A call option with strike price $50 on a stock currently trading at $60 has a market price of $13. What is the time value of this option?
A$13 — the entire option premium is time value
B$10 — the intrinsic value equals the stock price minus the strike
C$3 — intrinsic value is $10, so the remaining $3 is time value
D$23 — time value is the strike plus the option premium
Intrinsic value = max(S − K, 0) = max(60 − 50, 0) = $10. This is the immediate exercise payoff. The market price is $13, which exceeds intrinsic value by $3. That $3 is time value — the premium for the possibility that the stock climbs further before expiration. Option price = intrinsic value + time value is the fundamental decomposition.
Question 2 Multiple Choice
A company announces unexpectedly large earnings uncertainty ahead. The stock price remains unchanged, but implied volatility on its options doubles. What happens to the time value of its at-the-money call options?
ATime value decreases — higher volatility makes the option riskier and therefore less valuable to hold
BTime value increases — greater potential movement raises the value of the right (but not obligation) to buy
CTime value is unchanged — only the stock price affects option value, not volatility
DIt depends on whether the option is in-the-money or out-of-the-money
Higher volatility always increases time value for both calls and puts. The reason is the asymmetric payoff structure: as an option holder, you benefit from large favorable moves but your downside is capped at the premium paid. If the stock might move ±30% instead of ±10%, the upside scenario is much better while the downside is still capped. This asymmetry means option holders gain from volatility — which is why buying options is often described as 'buying volatility.'
Question 3 True / False
An out-of-the-money option has zero intrinsic value but can still have a positive market price.
TTrue
FFalse
Answer: True
Intrinsic value is the immediate exercise payoff. For an out-of-the-money option, exercising right now is worthless (max(S − K, 0) = 0 for a call when S < K). But the option still has time value — the possibility that the underlying price could move favorably before expiration. As long as time remains and any chance exists of expiring in-the-money, traders will pay a positive premium.
Question 4 True / False
As an option approaches its expiration date, its time value increases because uncertainty about the final outcome grows.
TTrue
FFalse
Answer: False
The opposite is true. Time value erodes as expiration approaches — this is theta decay. With less time remaining, there are fewer chances for the underlying to move favorably. Near expiration, an out-of-the-money option is nearly worthless because there is almost no time left for the stock to recover. Theta decay actually accelerates in the final days before expiration.
Question 5 Short Answer
Why does higher volatility in the underlying asset always increase the time value of an option, regardless of whether it is a call or a put?
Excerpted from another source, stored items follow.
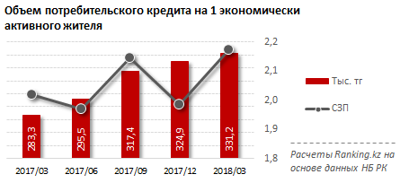 Уровень потребительской закредитованности к концу марта 2018 года вырос за год на 16,9 процента и составил 331,2 тысячи тенге на одного экономически активного жителя, или 2,2 среднемесячных заработных платы (годом ранее - две).
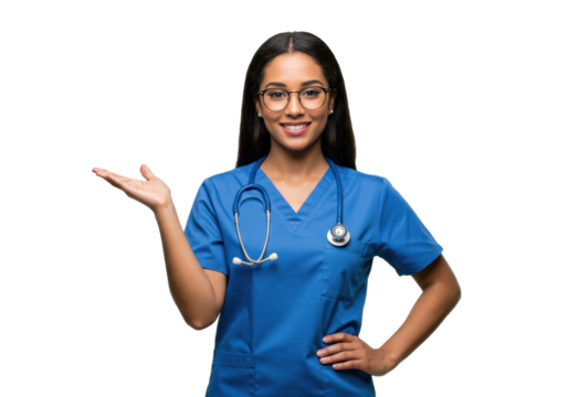 Young female healthcare pro in blue scrubs, stethoscope, glasses, smiling, gesturing on transparent background, concept of professional medical guidance
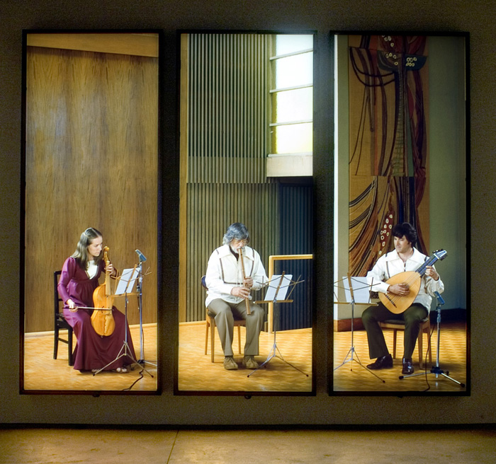 Rodney Graham’s “3 Musicians (Members of the Early Music Group ‘Renaissance Fare’ performing Matteo of Perugia’s ‘le Greygnour Bien’ at the Unitarian Church of Vancouver, Late September, 1977)” (2006) © 303 Gallery.
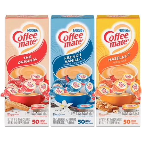 Coffee mate® Coffee Creamer, French Vanilla/Hazelnut/Original, 0.38 oz Mini Cups, Pack of 150
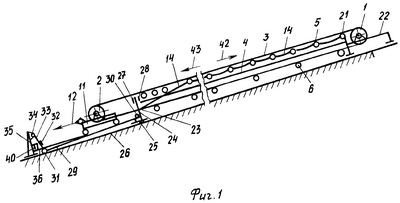 При обрыве ленты 3 она под действием синусоидальной составляющей собственного веса и веса находящегося на ней груза 41 начнет скатываться вниз в направлении 43. При резком уменьшении натяжения ленты 3 после ее обрыва она начнет провисать в пролетах между роликоопорами 5. Одновременно при обрыве ленты 3 тележка 11 за счет натяжения каната 12 (под действием веса противовеса) начнет смещаться по направляющей раме 36 в направлении 43 до упора (по первому варианту) в рычаг 33 (фиг.1) При повороте рычага 33 против часовой стрелки гибкие элементы 29 смещаются справа-налево, благодаря чему поворотная стойка 24 поворачивается по часовой стрелке относительно шарнира 25, натягивая прикрепленные (23) к ней канаты 13 и 14. При этом угол поворота рычага 33, а следовательно и угол поворота поворотной стойки 24, а также смещения канатов 13, 14 могут регулироваться за счет сменных закладных элементов 40. Благодаря натяжению канатов 13 и 14 уменьшается их провес между роликоопорами 5 и они поднимаются до соприкосновения с лентой 3. При смещении канатов 13, 14 в направлении 43 рычаги 17 поворачиваются против часовой стрелки, дополнительно поднимая канаты 13 и 14, которые входят во взаимодействия с лентой 3 практически по всей длине конвейера. При этом грузонесущая ветвь ленты 3 поднимается над желобчатыми роликоопорами 5 и начинает скользить по канатам 13 и 14 при коэффициенте трения скольжения. За счет превышения силы трения ленты 3 с грузом 41 над синусоидальной составляющей их весов грузонесущая ветвь ленты 3 быстро затормаживается при минимальном ее обратном ходе после обрыва.
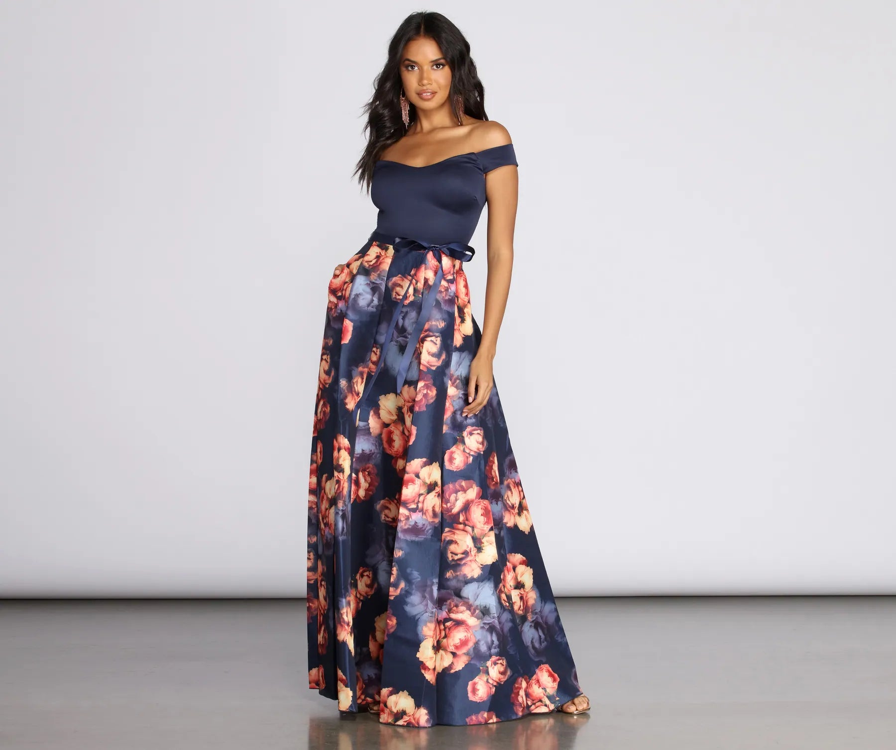 Make it special in the Tatianna gown! She features a straight neckline. padded cups. off shoulder sleeves. and a zipper closure at the back. Bodice is fitted and comosed of a nylon material that offers moderate stretch. Bodice meets skirt high waist with a ribbon accent and flows out with an A-line design. Dress has a mini skirt lining and skirt is composed of a taffeta material that showcases a floral pattern and a sheen finish. Best of all dress includes pockets!
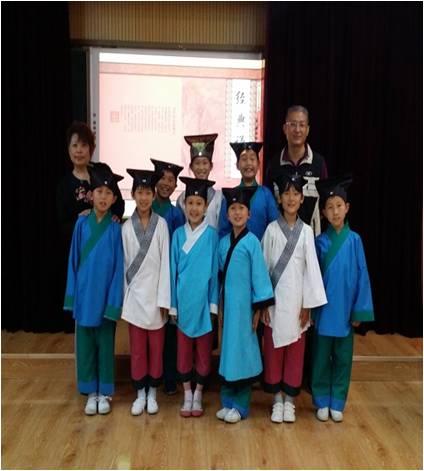 据年段特点和学生的诵读内容,在学生中开展有趣、有效的国学竞赛活动。一、二、三年级以《三字经》为内容,结合硬书法开展铅笔书法比赛、诵读、讲故事比赛。四、五、六年级以《弟子规》为主要内容,结合软笔书法开展经典诵读软笔书法竞赛,诵读、演讲活动。孩子们将平时的诵读积累,进行艺术的整合和编排,分别体现各具特色的文化主题和内涵,开展经典诵读的汇报活动。三年级学生吟诵的《三字经》获得区组织奖,少儿B组一等奖,赵苏燕、刘莹老师获教师指导奖。这些活动的开展有效地激发学生学习国学的热情,为形成学生良好的习惯、健全的人格、和谐的个性起到促进作用。
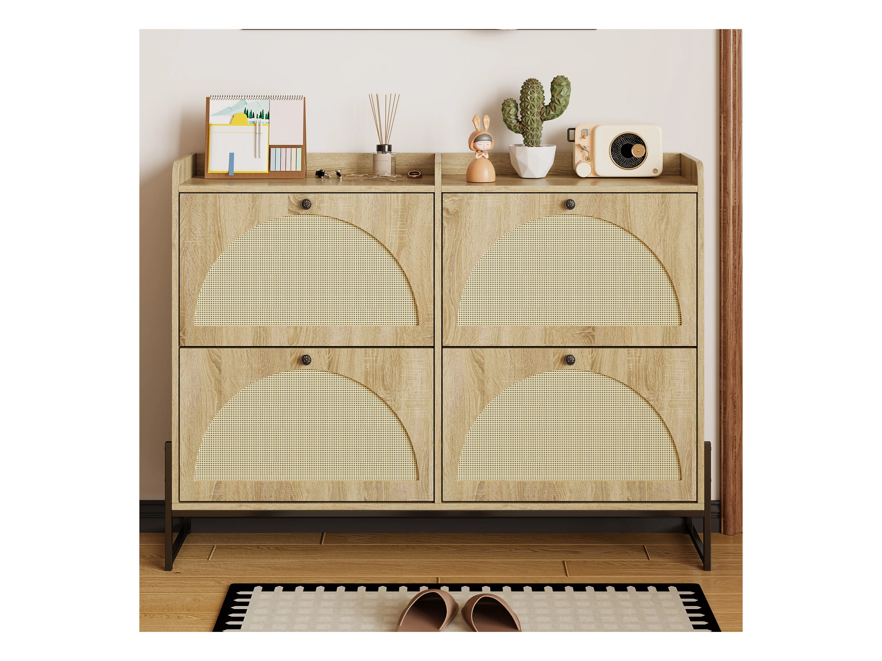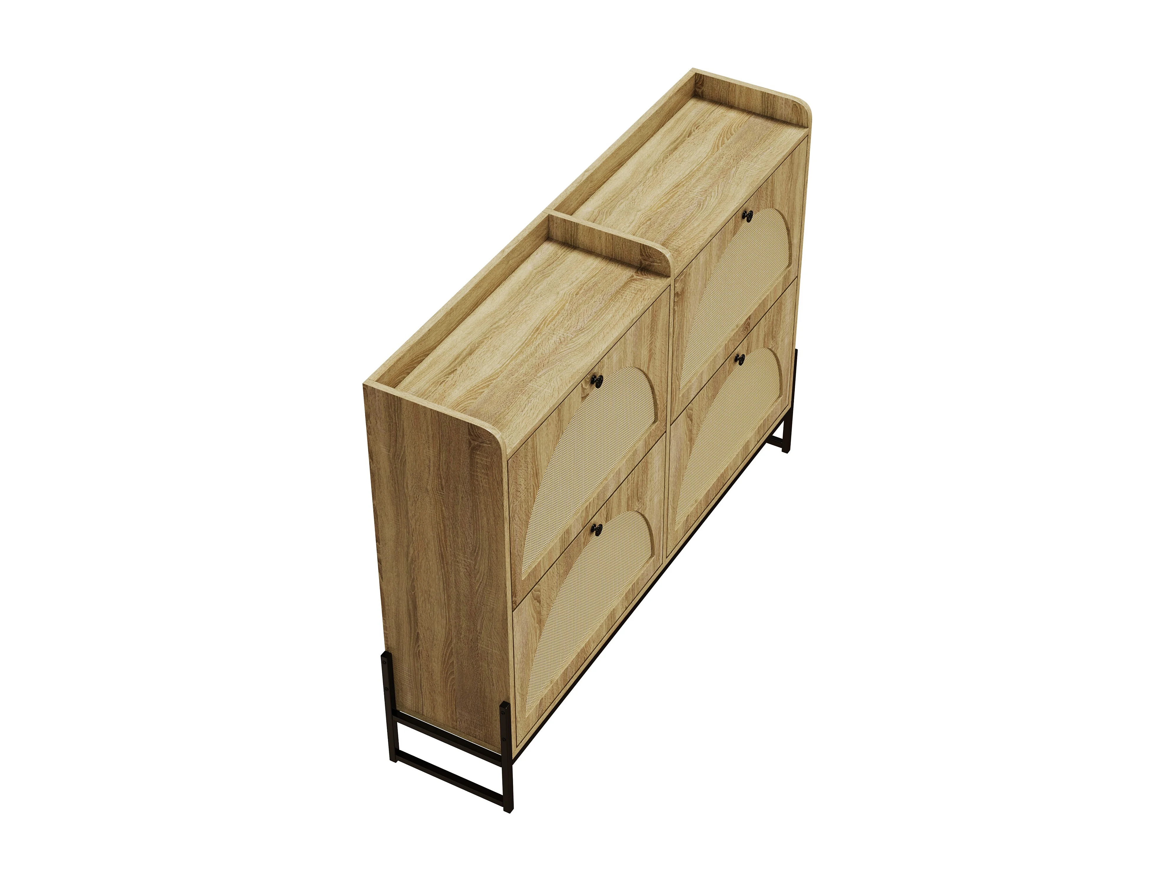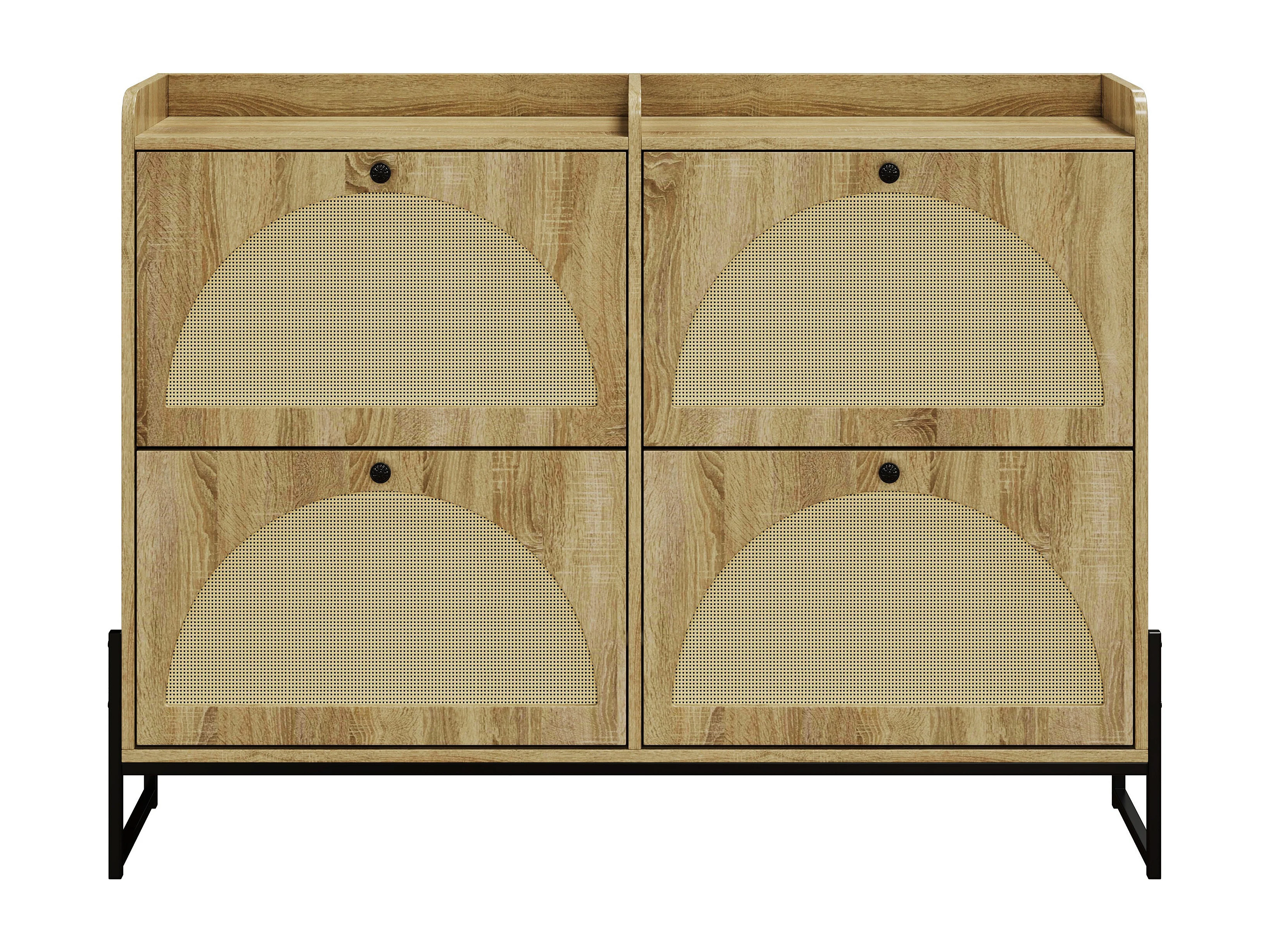 Meuble à chaussures couleur naturelle avec 4 portes en rotin, poignées noires et pieds en métal
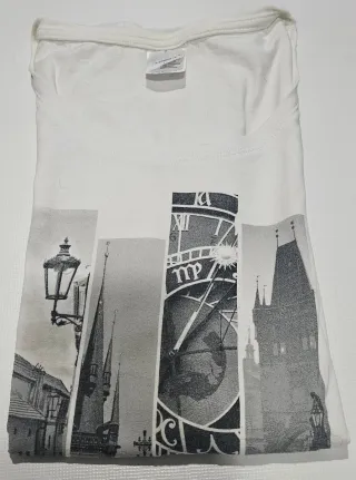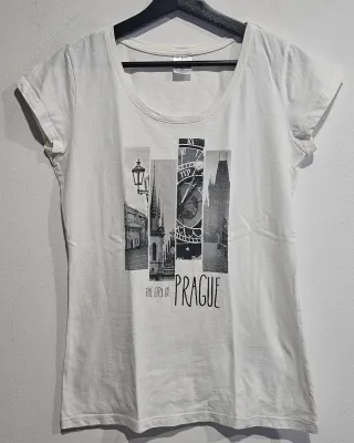 Camiseta blanca con estampado gráfico de la ciudad de Praga. - Diseño de collage con imágenes de la ciudad. Falta de planchado por no tener plancha.🤗 Sisa 46cm. Ref3
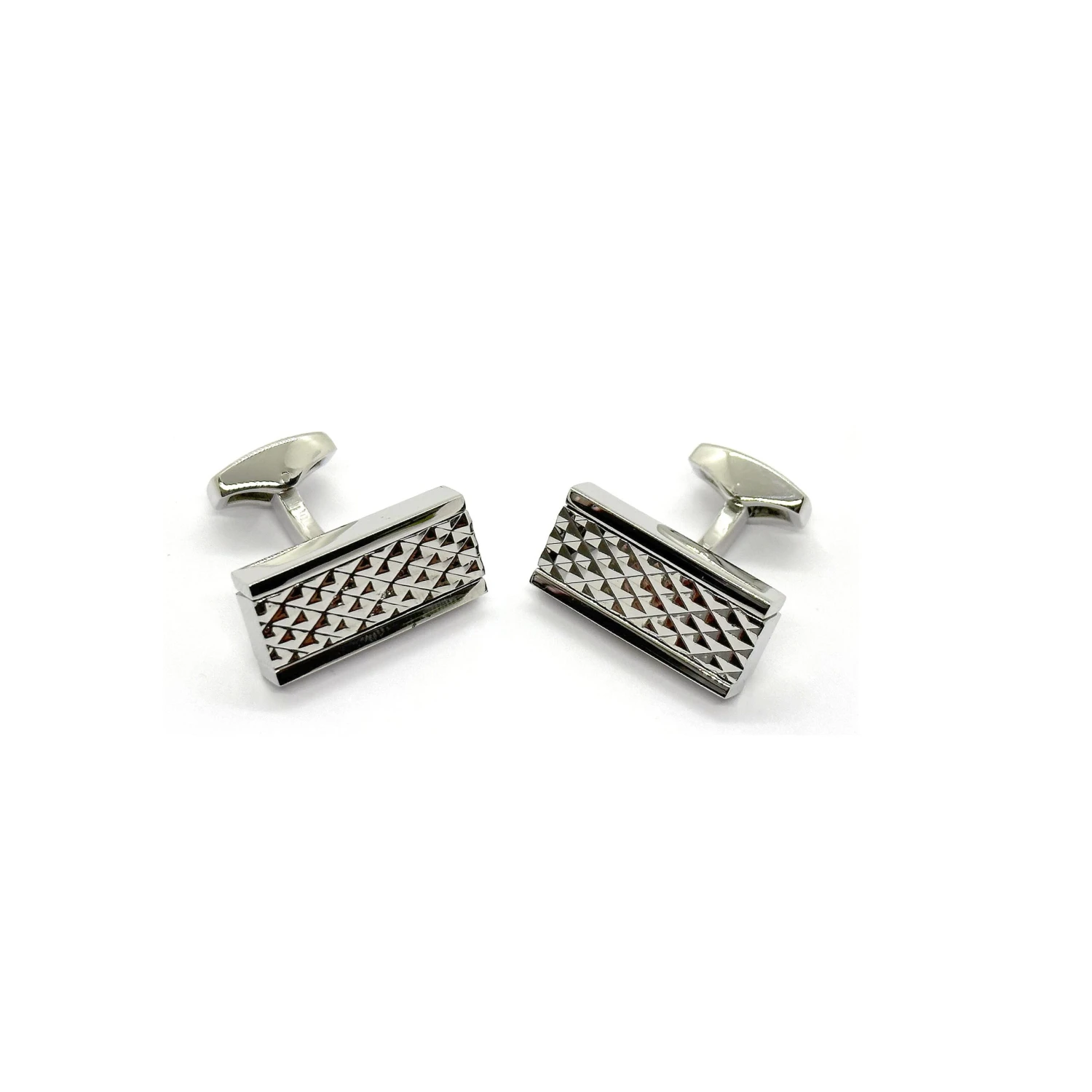 Boutons de manchette rectangulaires avec un motif diamantine en relief.
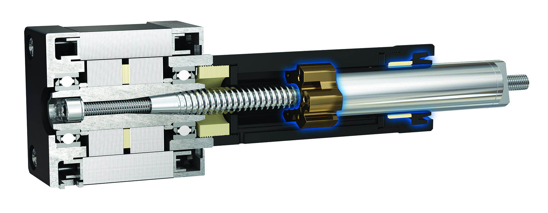 The main components of a traditional motorised lead screw (MLS) are a stepper motor, lead screw and a nut that connects to the load in various ways. When the motor turns the lead screw, the nut and connected load should travel forward or backward to achieve the positioning required for the application. But if that nut is unsecured, it will rotate with the screw and no motion will translate across the axis.
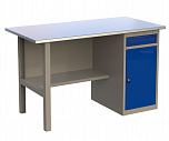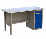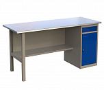 Верстак однотумбовый поставляется в разобранном виде. Нагрузка на столешницу до 600 кг. Стандартный цвет: корпус - серый глянец RAL 7030, ящики и двери тумб - синий RAL 5017. Размеры:855x1400x700 мм. Вес: 76 кг.

Think about your answer, then reveal below.
Model answer: Because of the asymmetric payoff structure. An option holder benefits from large moves in the favorable direction but loses only the fixed premium if the move goes the wrong way. Higher volatility increases the probability of large favorable moves without increasing the maximum loss (still capped at the premium). This asymmetry means option holders always benefit from volatility — more potential upside, same capped downside.
For a call: higher volatility means the stock might rise much more, increasing the call's payoff; if it falls, you just don't exercise. For a put: higher volatility means the stock might fall much more, increasing the put's payoff; if it rises, you don't exercise. In both cases, the holder captures the favorable tail and ignores the unfavorable tail. This is why implied volatility is the central pricing variable in options markets.